The show had had originally been conceived as a novel way of bringing remedial education into the homes of disadvantaged children, especially children of color. Pierce, though, saw a different kind of potential for a show like this: one that could directly counter and counteract the racist messages prevalent in the media of his time. The issues for him were even more personal than they might otherwise have been: at the time, he had a 3-year-old daughter of his own. He thus agreed to serve as a senior advisor on the show, working especially closely with the public television producer Joan Ganz Cooney, one of its two creators (the other was the psychologist Lloyd Morrisett).
In 1969, the show aired on public television stations across the country for the first time. It was called Sesame Street.
It was not only the most imaginative educational show for preschoolers ever designed: it was also, quite deliberately, populated with the most racially diverse cast that public television had ever seen. All the multi-ethnic characters—adults, children, and puppets—lived, worked, and played together on a street in an inner-city neighborhood, similar (if in an idealized way) to the streets in which many minority children were growing up.
Each show opened with scenes of children of different races playing together. Episodes featured a strong black male role model (Gordon, a school teacher), his supportive wife, Susan (who later is offered the opportunity to develop a profession of her own), a good-hearted white storekeeper (Mr. Hooper), and more.
Within a few years, Hispanic characters moved into the neighborhood as well. As Loretta Moore Long (who played Susan) later reflected: “Sesame Street has incorporated a hidden curriculum…that seeks to bolster the Black and minority child’s self-respect and to portray the multi-ethnic, multi-cultural world into which both majority and minority child are growing.”
The radical nature of this “hidden curriculum” did not go unnoticed. In May 1970, a state commission in Mississippi voted to not air the show on the state’s newly launched public TV network: the people of Mississippi, said some legislators, were not yet “ready” to see a show with such an interracial cast. The state commission reversed its decision after the originally secret vote made national news—though it took 22 days to decide to do so.

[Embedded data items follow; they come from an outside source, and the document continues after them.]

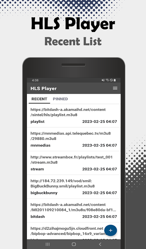 You need to add the video url to play the desired HLS video. Once played, the URL is saved along with the title, so you do not need to re-enter the URL for future playback. You can also manage your favorite URLs separately.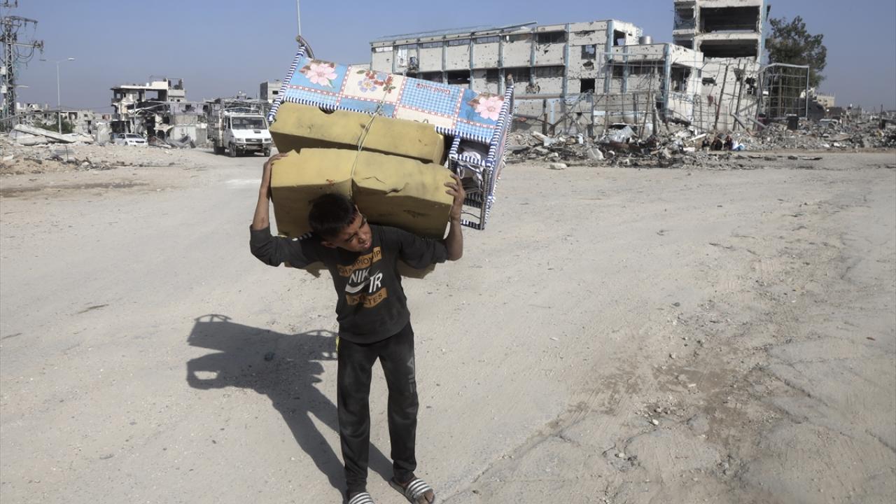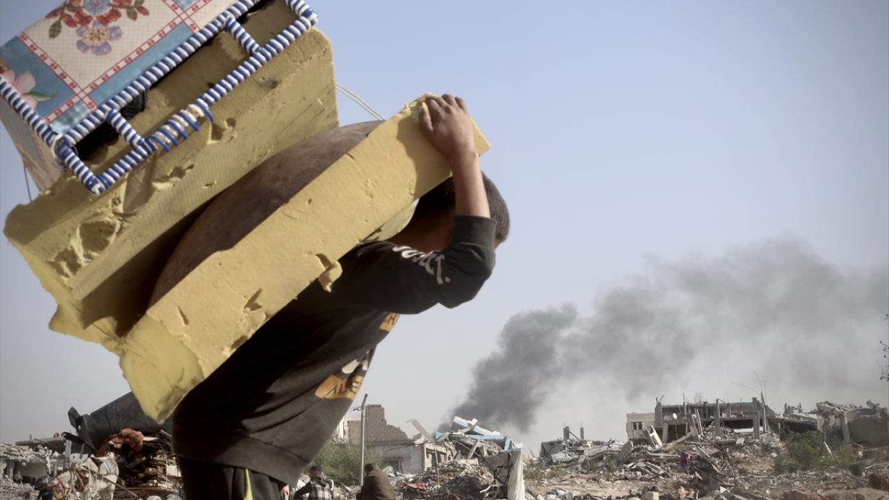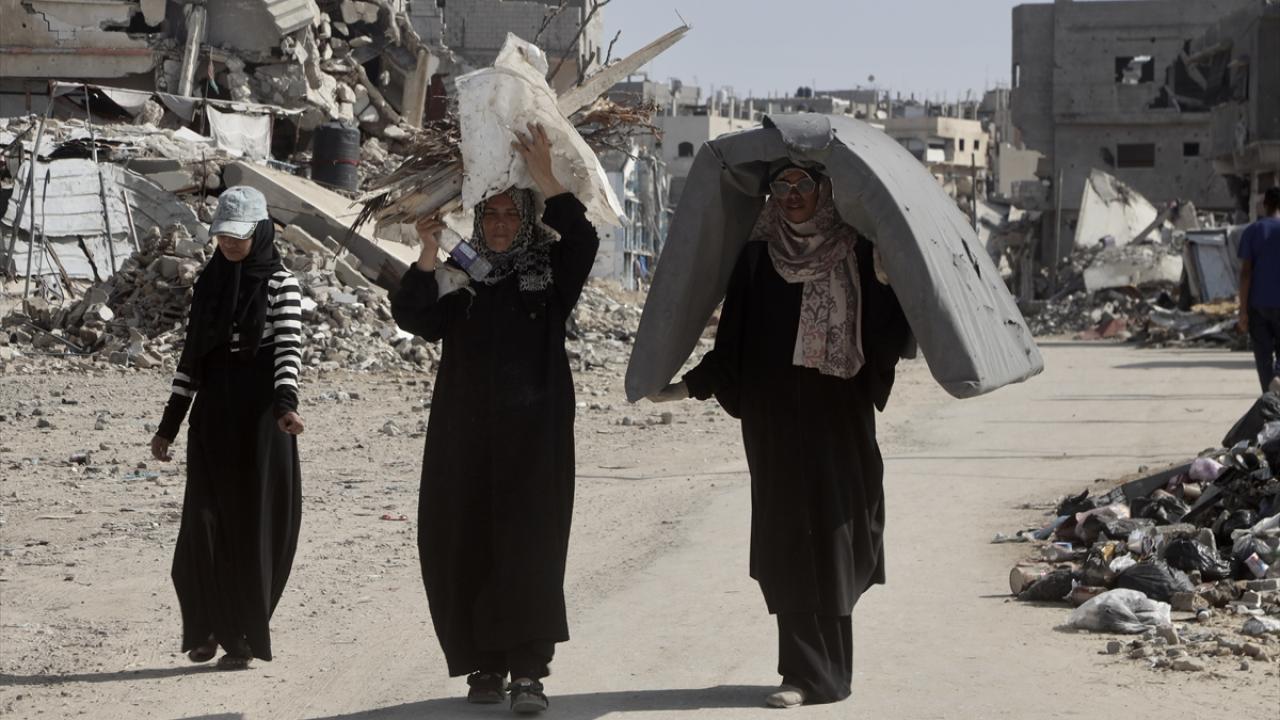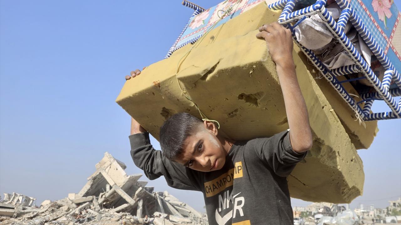 Filistinli aileler, İsrail saldırılarında yıkılan evlerinin enkazındaki topladıkları eşyaları yanlarına alıp bölgeden ayrıldı.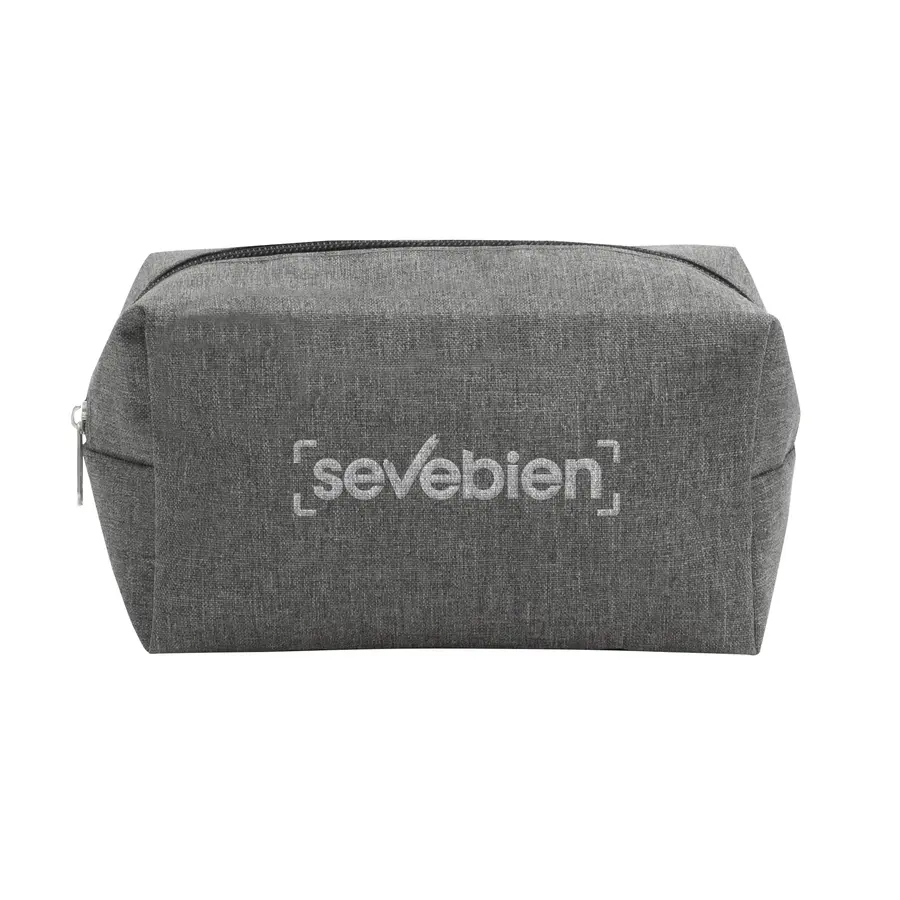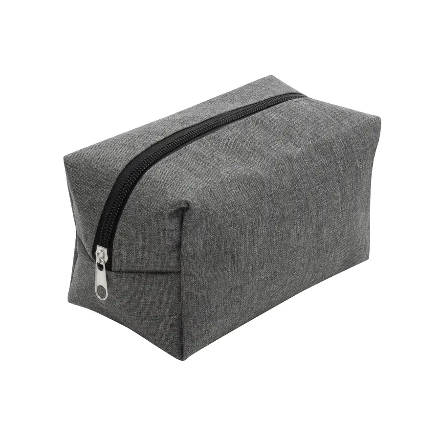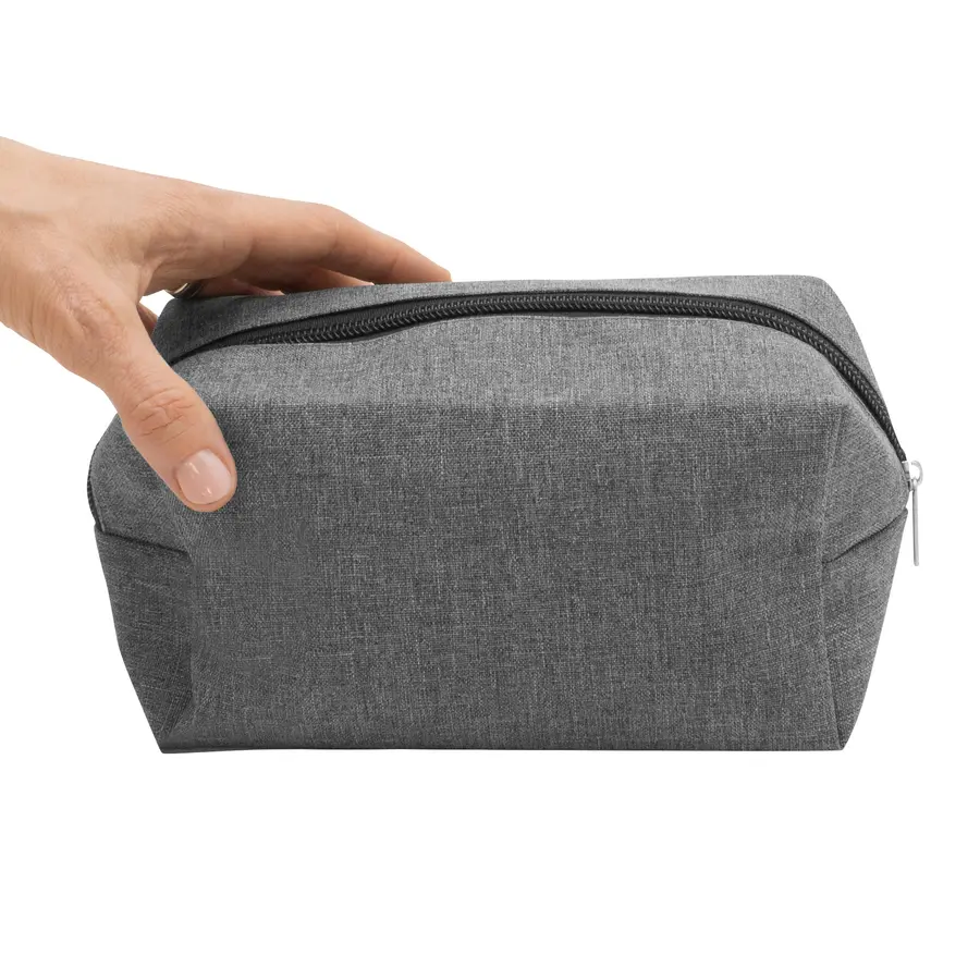 9,5 x 10 x 17,5 cm. Poliéster. Necessaire con amplio compartimento. Interior de color negro y cierre del mismo color.

Sesame Street would go on to become the most successful children’s show of all time. Over time, though, the radical mental health agenda fueling its creation was largely forgotten. Later critics would instead increasingly suggest that the show, as a straightforward experiment in early education, benefited white middle-income children more than its primary target audience of disadvantaged minorities, and in that sense had arguably partly misfired.
Chester Pierce, however, never lost sight of the hidden curriculum that, for him, had always been at the heart of Sesame Street. “Early childhood specialists,” he reflected in 1972, “have a staggering responsibility…in producing planetary citizens whose geographic and intellectual provinces are as limitless as their all-embracing humanity.”
What mattered most about Sesame Street was not the alphabet songs, the counting games or the funny puppets. What mattered most was its vision of an integrated society where everyone was a friend and treated with respect.
The program had originally been a radical experiment in the use of mass media to give the youngest generation of Americans their first experience of what Martin Luther King Jr. had famously called the Beloved Community: one based on justice, equal opportunity and positive regard for one’s fellow human beings, regardless of race, color, or creed.